Etched, a startup building application-specific chips (ASICs) hardwired for transformer inference, announced it has secured $1 billion in contracted sales and achieved a $5 billion private valuation. The company is pitching its Sohu chip as a purpose-built inference accelerator that can outperform Nvidia's H100/H200 on transformer workloads at lower cost — a credible niche given that inference is increasingly the dominant AI compute workload post-training.
Etched is not publicly traded, so the headline is really a NVDA read. Nvidia posted $215.9B in revenue for FY2026 (ending Jan 2026), up 65.5% YoY, with a 71.1% gross margin and 55.6% net margin — numbers that reflect near-monopoly pricing power in AI compute. The $1B Etched contract figure is meaningful as proof of concept but represents a rounding error against Nvidia's current revenue base.
The second-order question is whether ASIC challengers (Etched, Groq, Cerebras, plus hyperscaler-custom silicon from Google TPUs, AWS Trainium, and Microsoft Maia) collectively represent a structural ceiling on Nvidia's inference TAM. The bear case on NVDA centers on margin compression and share erosion as inference workloads — which don't require Nvidia's full training flexibility — shift to cheaper alternatives. The bull case is that Nvidia's CUDA ecosystem lock-in, software stack, and networking (NVLink, InfiniBand) create switching costs that purpose-built ASICs can't easily replicate.

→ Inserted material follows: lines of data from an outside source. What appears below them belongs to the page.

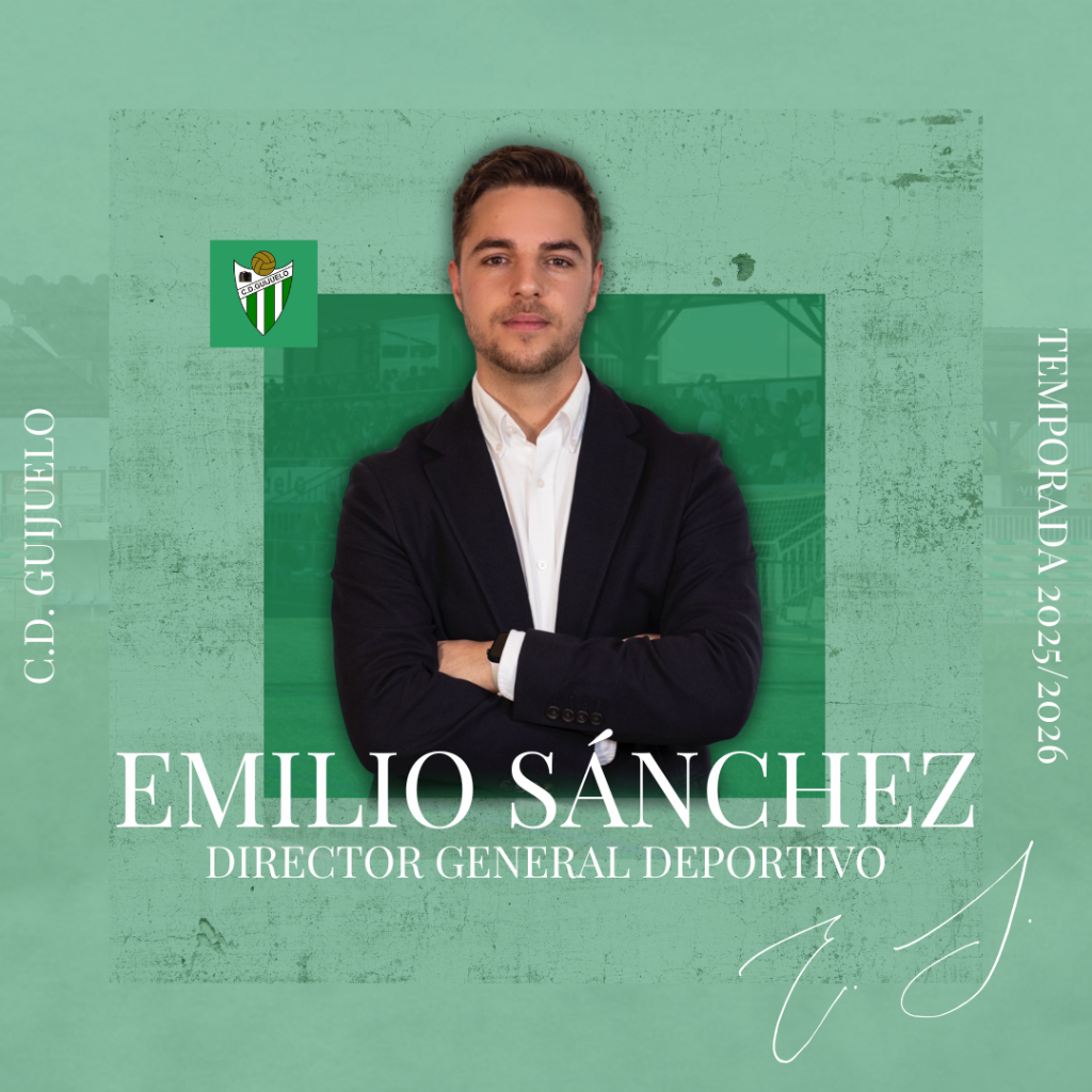 El C.D. Guijuelo ha anunciado la continuidad de Emilio Sánchez como Director General de la entidad, ampliando además sus funciones a la Dirección Deportiva de cara a la temporada 2025/2026. A partir de este momento Sánchez, pasará a desempeñar el cargo de Director General Deportivo, asumiendo de forma conjunta las responsabilidades de gestión general y planificación deportiva del club.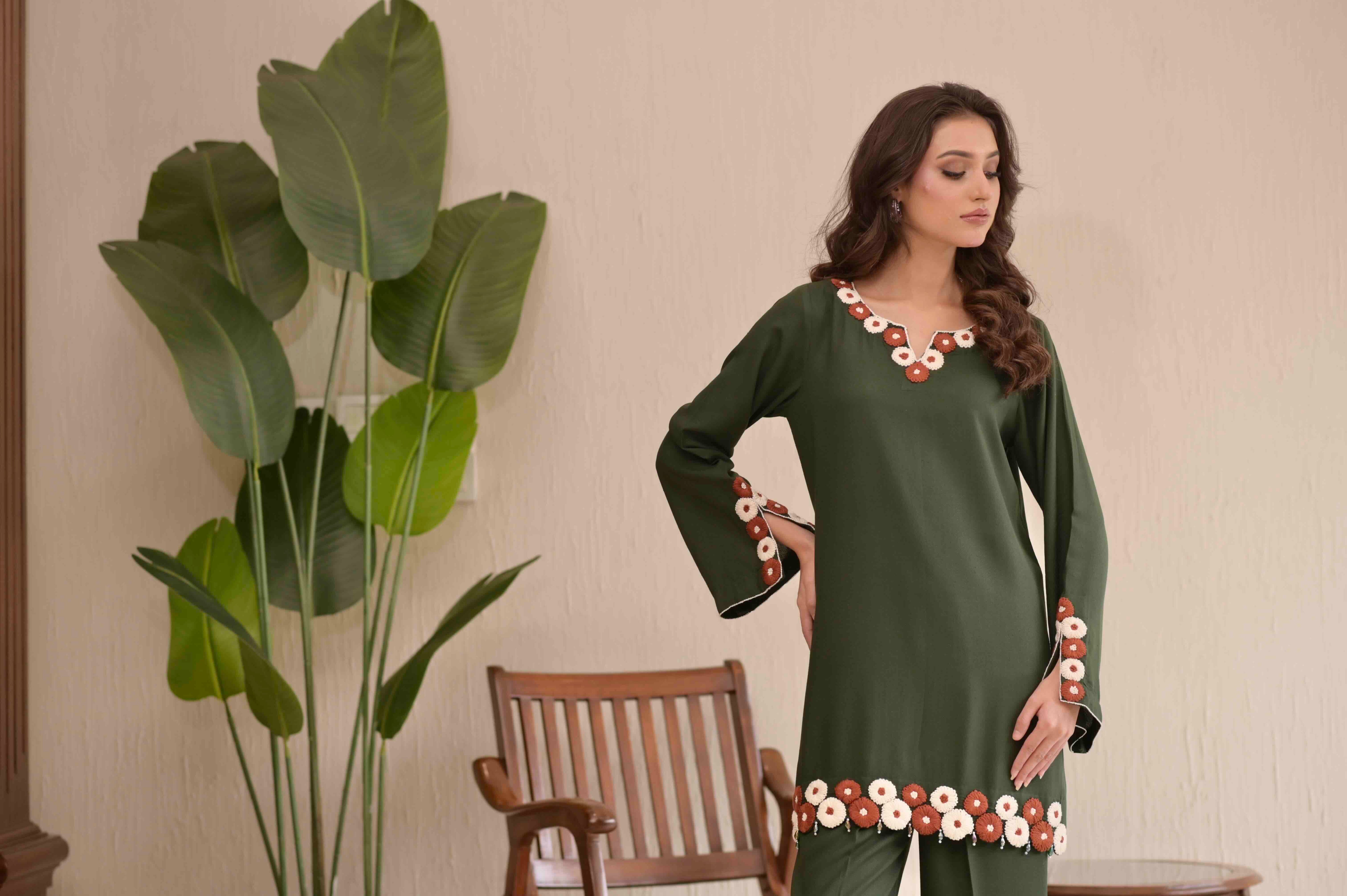 Bottle Green Hand-Embroidered 2-Pc Karandi Set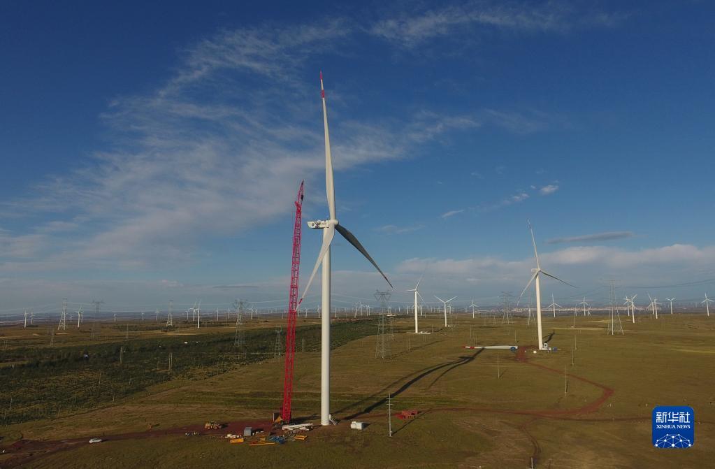 在河北张家口市张北县大河乡,工人在一处风电场安装风力发电机(2020年9月15日摄,无人机照片)。新华社记者杨世尧 摄

What to watch: Etched's ability to land hyperscaler contracts (AWS, Azure, Google) at scale would be the real signal. Until a major cloud provider publicly shifts inference capacity away from Nvidia at volume, this remains a long-tail competitive threat rather than an imminent share-shift catalyst. NVDA's next earnings print and data center segment guidance will be the cleanest tell on whether pricing or unit demand is softening.